Irrationally Walking in Love

Valentine’s day is upon us, and this is a great opportunity to finally write about a problem that has greatly disturbed me for many years. I’m sure you have all experienced this problem before – and it is certainly an annoying one.
It’s a fine evening, and you and your eternal love have decided to take a romantic walk outside in the cool night air. Hugged together and enjoying each other’s presence, an immense sense of satisfaction overcomes you. Could there be anything better in life? Certainly. Because there is one issue which keeps you from blessed comfort – you are walking out of sync. When your partner lifts his/her foot, you have just stepped down. When you step forward, he/she has just retracted the leg. So instead of walking in pace, the fact that you are hugged together makes you look like a pair of limping, waddling ducks. Hurray for romance.

Taken from
Taken from

You may have started together, but somewhere along the way, synchronization was lost. You are both quite sure that if only you stepped at the same time just once, everything would be alright, and you would be able to coordinate your pace from there on. Of course, it requires dexterous footwork in order to synchronize while in mid-walk, and it also looks ridiculous from the outside, so switching your legs or doing any footwork while striding is out of the question. No, you are going to have to wait until your footsteps naturally fall at the same time in order to synchronize.
If the time between each step were of integer size, and you started together at the same time (same split), then it would be quite easy. If your partner’s step time is a, and your step time is b, then after a \cdot b steps at most you would make a simultaneous step.
But what if you didn’t start out at the same time? Or worse yet, knowing how crazily and illogically love makes youngsters act, what if the both your and your partner’s step size is irrational? Is it even guaranteed that your footsteps will ever meet, or are you doomed to an entire night’s worth of out-of-sync walking?
Unfortunately for you, meeting your footsteps precisely with irrational step size is generally impossible. If your partner’s step size is \alpha, and your step size is \beta, both of which are irrational, and \alpha/ \beta is also irrational, then there is no such pair of numbers m,n such that m\alpha = n\beta.
However, it turns out that if you are not searching for maximum precision, a compromise can be made, and there exist numbers n,m such that | m \alpha - n \beta | < \varepsilon for any \varepsilon > 0 as small as you choose. So if you can synchronize your steps if they match only by a number as small as \varepsilon , you will be able to correct your pace. Neat!
Thus, even if both you and your lover are irrationally in love, assuming you are willing to tolerate a bit of imperfection with each other, you can keep walking in harmony, and enjoy your romantic journey.
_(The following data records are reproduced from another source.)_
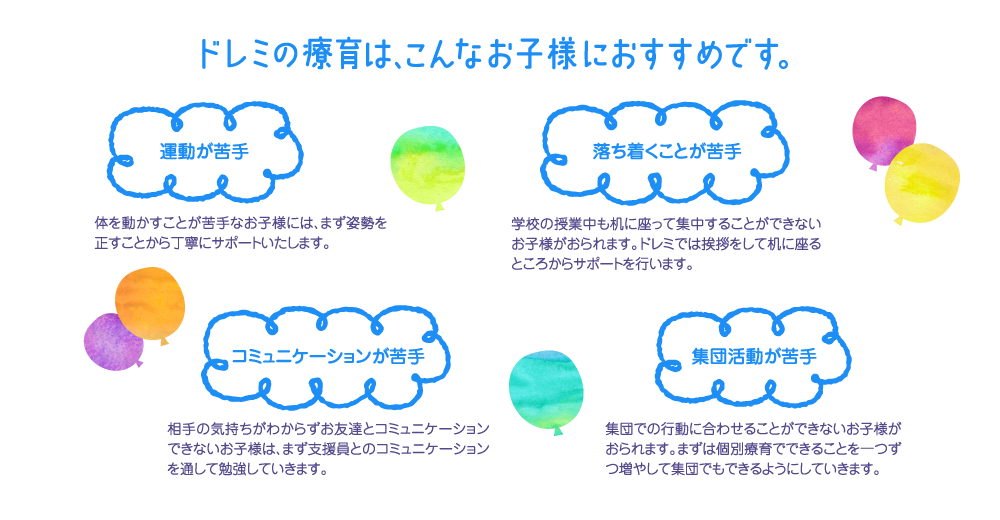 課題の克服や改善、集団生活への適応訓練を学習介入や行動介入を通して実施します。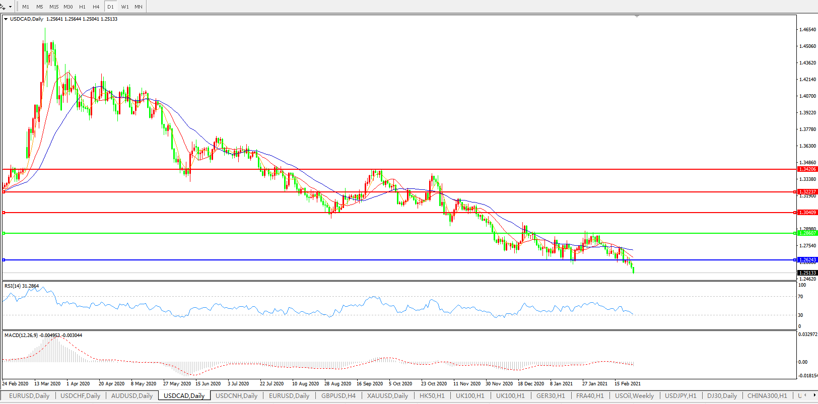 美元兑加元USDCAD    日线图: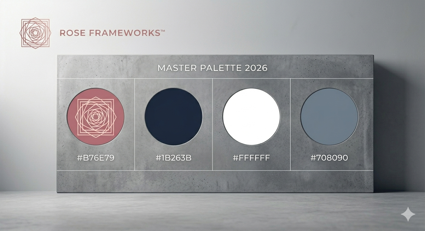 Our palette is engineered for silent luxury, balancing the weight of our foundations (grey/navy) with the kinetic energy of our innovations (rose gold).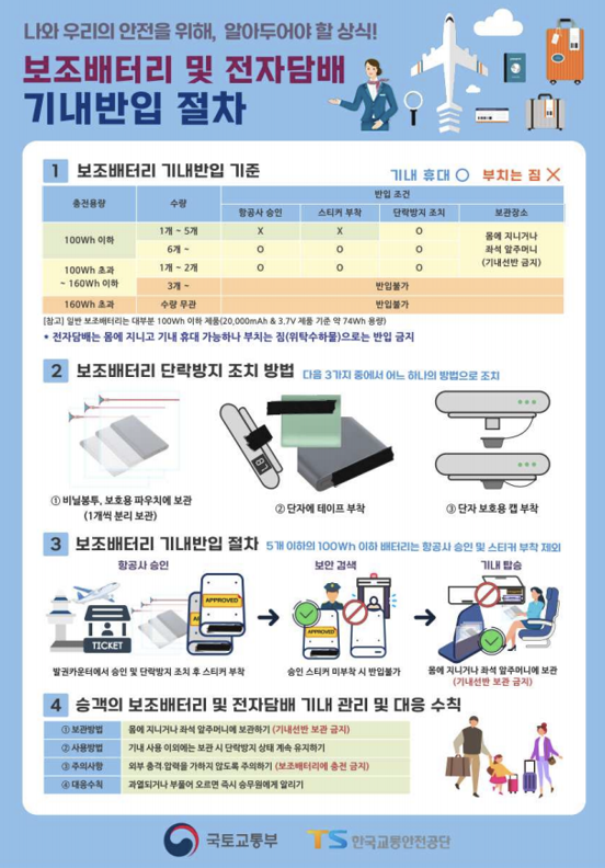 - 보조배터리는 반드시 기내 반입해야 하며 위탁 수하물로 부치면 안 됩니다.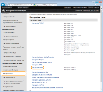 При установке на компьютере, подключенном к сети, программное обеспечение управления SNMP позволяет дистанционно настраивать, отслеживать и контролировать аппарат с компьютера. Дополнительные сведения о программном обеспечении управления см. в руководстве по эксплуатации для соответствующего сетевого устройства.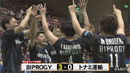 男子決勝戦では、6大会ぶりの優勝を狙う富山のトナミ運輸が、同じくBIPROGYと対戦。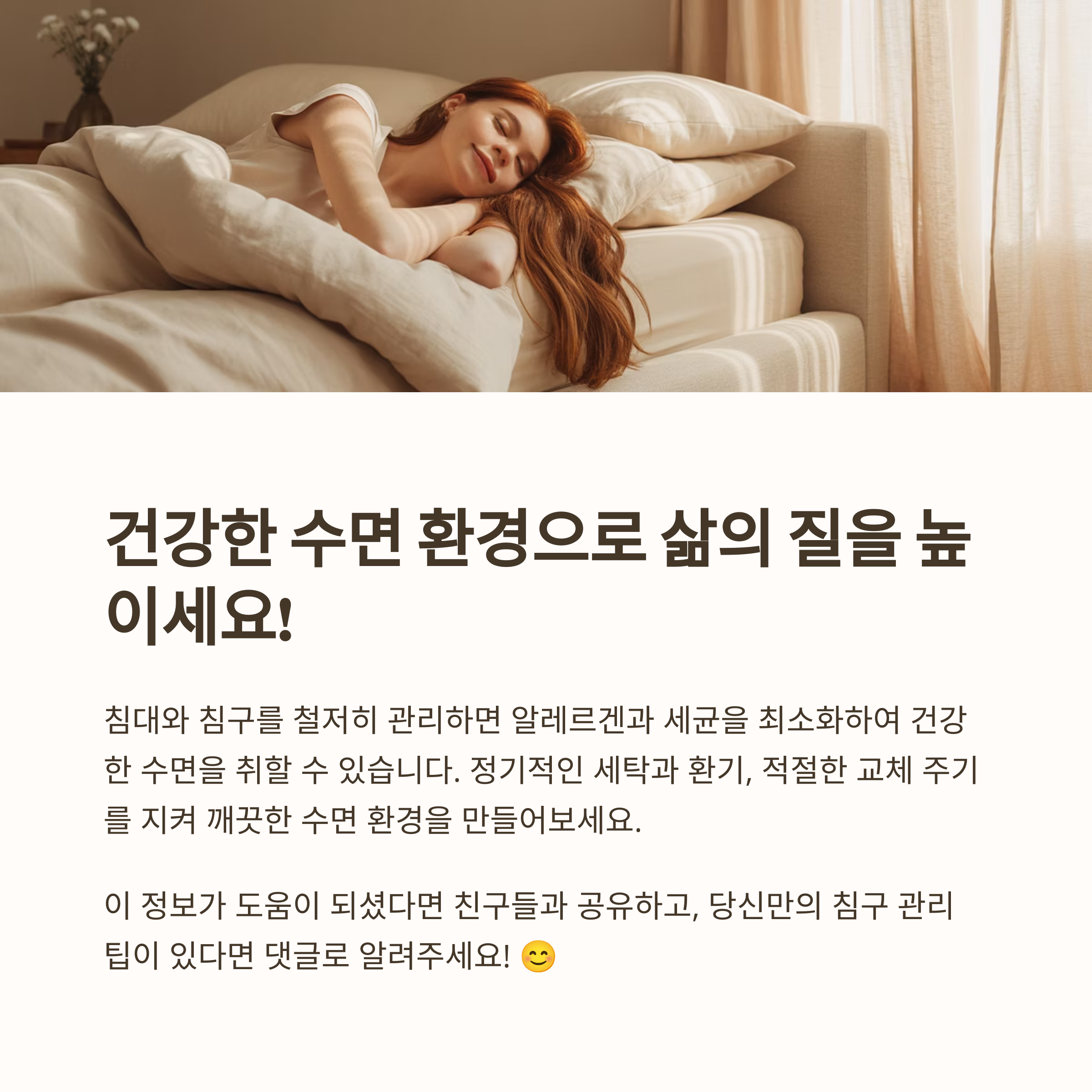 매일 아침 맑고 상쾌한 기분으로 시작하고 싶으신가요? 그렇다면 침구류 관리 또한 필수입니다. 언제나네님도 아시다시피, 여기에서 배우실 침대청소 가이드는 매트리스, 이불, 베개를 완벽하게 관리하는 방법을 알려드립니다. 이 정보가 여러분의 수면 환경 개선에 큰 도움이 되길 바랍니다.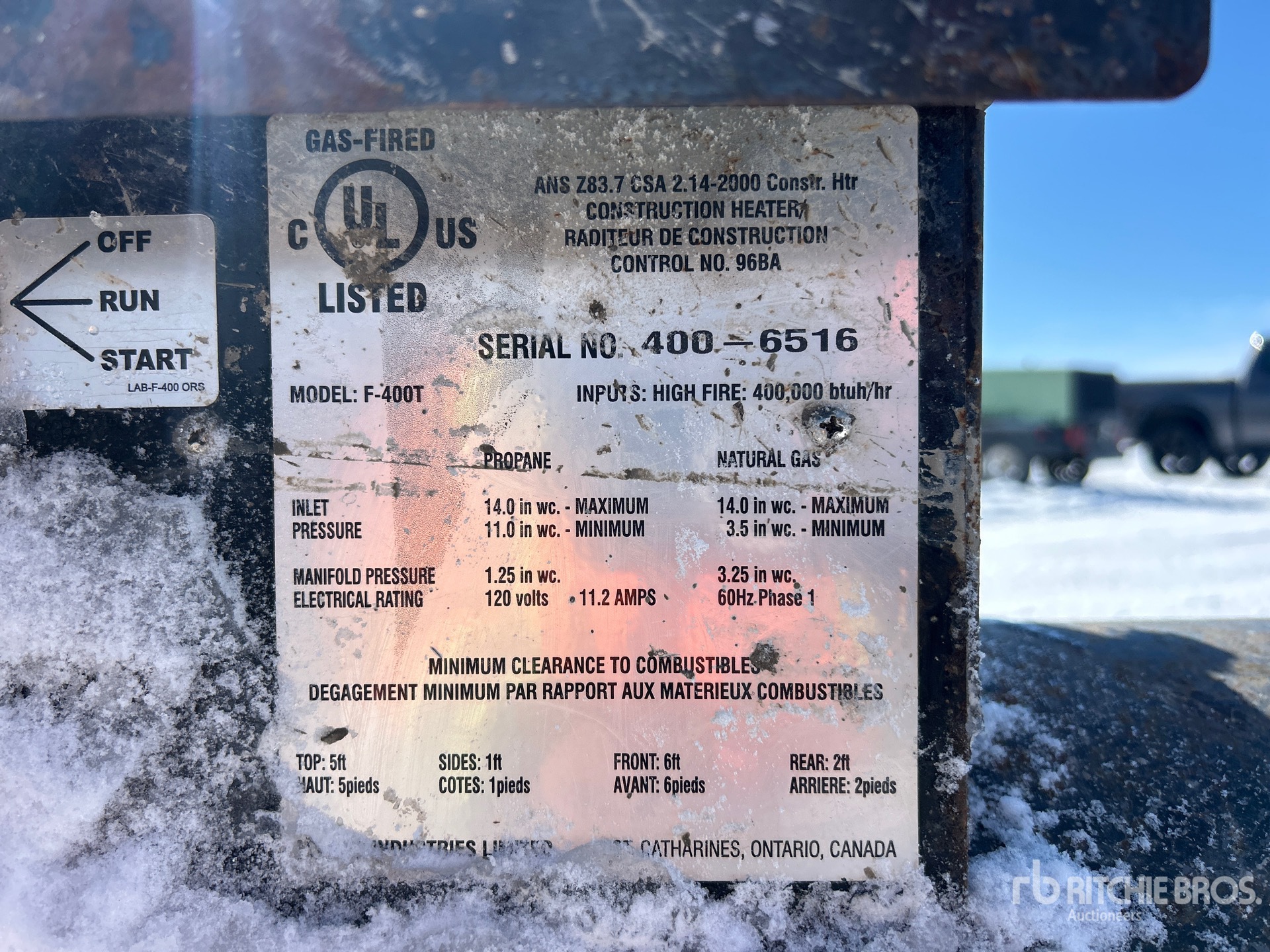 Les Informations détaillées de l’équipement sont d’une portée limitée, et les Encans Ritchie Bros. n’ont inspecté aucun autre aspect ou composant de l’équipement que ceux présentés expressément. Sauf indication précise, nous n’offrons aucune représentation ou garantie, officielle ou implicite, sur l’équipement ou ses composants, sans aucune limite de représentation ou de garantie en ce qui concerne la fonctionnalité, la conformité à toute norme de sécurité ou l’exigence de toute autorité ou agence de régulation en vigueur, l’adaptation à un quelconque usage, ou la valeur commerciale. Il vous est fortement conseillé d’effectuer votre propre inspection détaillée de l’équipement avant d’enchérir.
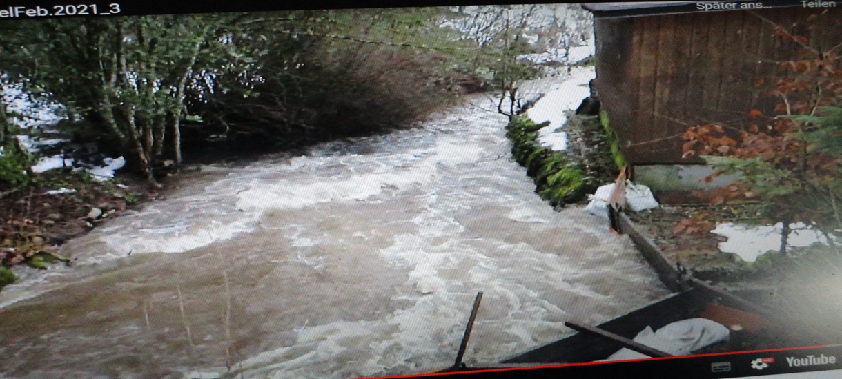 Sie finden die entsprechenden Videofilme und Fotos von den Findlingen im Bachbett und den daraus resultierenden Überschwemmungen im Anschluss.
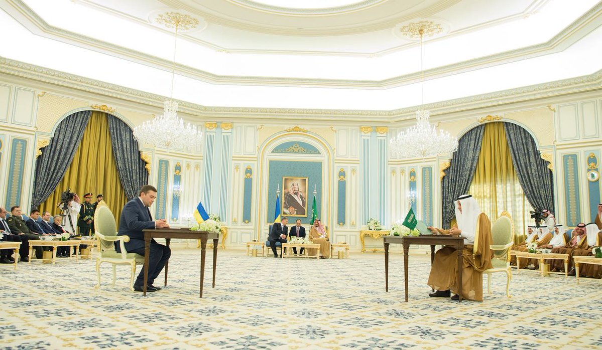 شهد خادم الحرمين الشريفين الملك سلمان بن عبدالعزيز آل سعود – حفظه الله – في قصر اليمامة بالرياض اليوم، وفخامة الرئيس بيترو بريشينكو رئيس جمهورية أوكرانيا توقيع مشروع برنامج تعاون ومذكرتي تفاهم بين حكومة المملكة العربية السعودية وحكومة جمهورية أوكرانيا.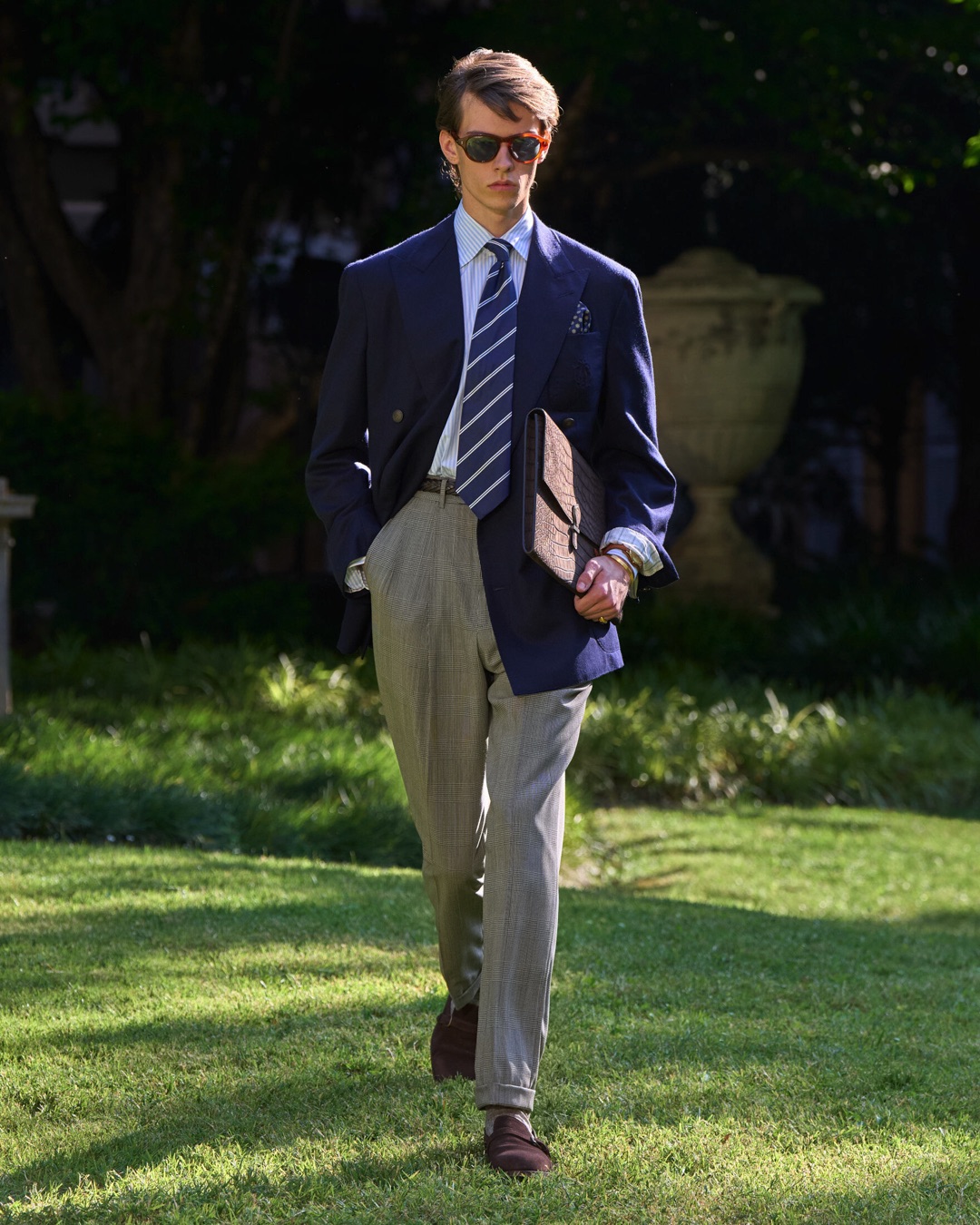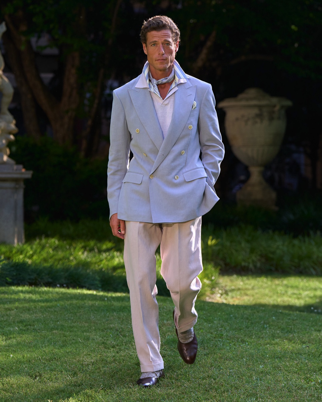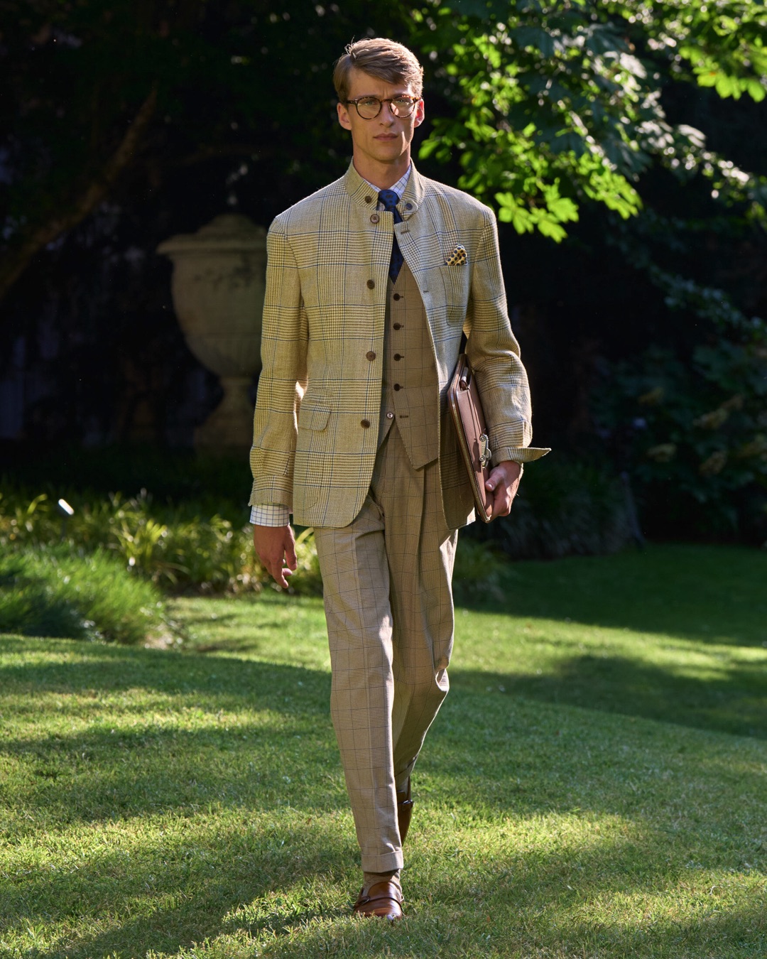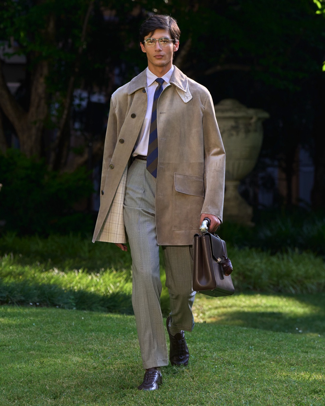Key pieces include Glen check car coats lined in tattersall, bonded linen suits softened by sun-faded pastels, and haberdashery in irreverent gelato shades. English-milled fabrics – wool-linen blends, silk-cotton twills – are cut with precision and finished with hand-rolled seams and monogrammed cuffs. The Davies driving sneaker returns in supple suede, nodding to a rich motoring legacy.

For the mathematically inclined amongst us, here is the proof of the above statement. It is not my original research; this is a known problem, which I have first encountered in high school, although in another, less love-stricken form. The proof is taken from the site TopologyAtlas.
We want to show that for every two positive irrational numbers, \alpha,\beta, there exists two positive integers m,n, so that | m \alpha - n \beta | < \varepsilon. Without loss of generality, we can assume that our partner’s step size is 1, and therefore our own step size is \beta/ \alpha. This is still an irrational number, so we will rename it back to \alpha. We restate the above as:

| m - n \alpha | < \varepsilon

n\alpha cannot be an integer, so it has a fractional part. Setting m to the whole part of n\alpha, we only need to prove that there always exists an n so that the fractional part is smaller than \varepsilon.

The proof is as follows:
Let m,n be two different integers, and \alpha an irrational number. The term frac(x) means “the fractional part of x”, and will be denoted by \{x\}.
We note that \{m\alpha\} \neq \{n\alpha \}. Why must this be? If \{m\alpha\} = \{n\alpha \}, lets see what happens when we subtract n\alpha from m\alpha.

m\alpha - n\alpha = \alpha(m-n) .

The left side of this equation would be an integer, since the fractional parts are the same. However, the right part is irrational, since \alpha is irrational and m-n is not. This is a contradiction, and hence the fractional parts are not the same.
This means that the set D=\{ \{n \alpha \} | n \in Z\} contains infinitely many members – one for each integer.
Since \varepsilon > 0 , we can divide the region [0,1] into 1/\varepsilon segments of length \varepsilon. If 1/\varepsilon is not an integer, that’s alright – the last segment will be a little smaller than \varepsilon. All the points in the set D are contained within the region [0,1], and each falls into one of the segments. Since there is a finite number of segments, but an infinite number of points in D, by the pigeonhole principle we get that there is at least one segment, which has at least two points that fall into it. Since the length of each segment is \varepsilon, the distance between these two points is smaller than \varepsilon. Mathematically, we can always find two integers, m,n, such that:

| \{m\alpha\} - \{n\alpha\} | < \varepsilon .

Lets arbitrarily choose that m > n.
Now, what is the fractional part of a number, {x}? It is the number itself, minus its whole part.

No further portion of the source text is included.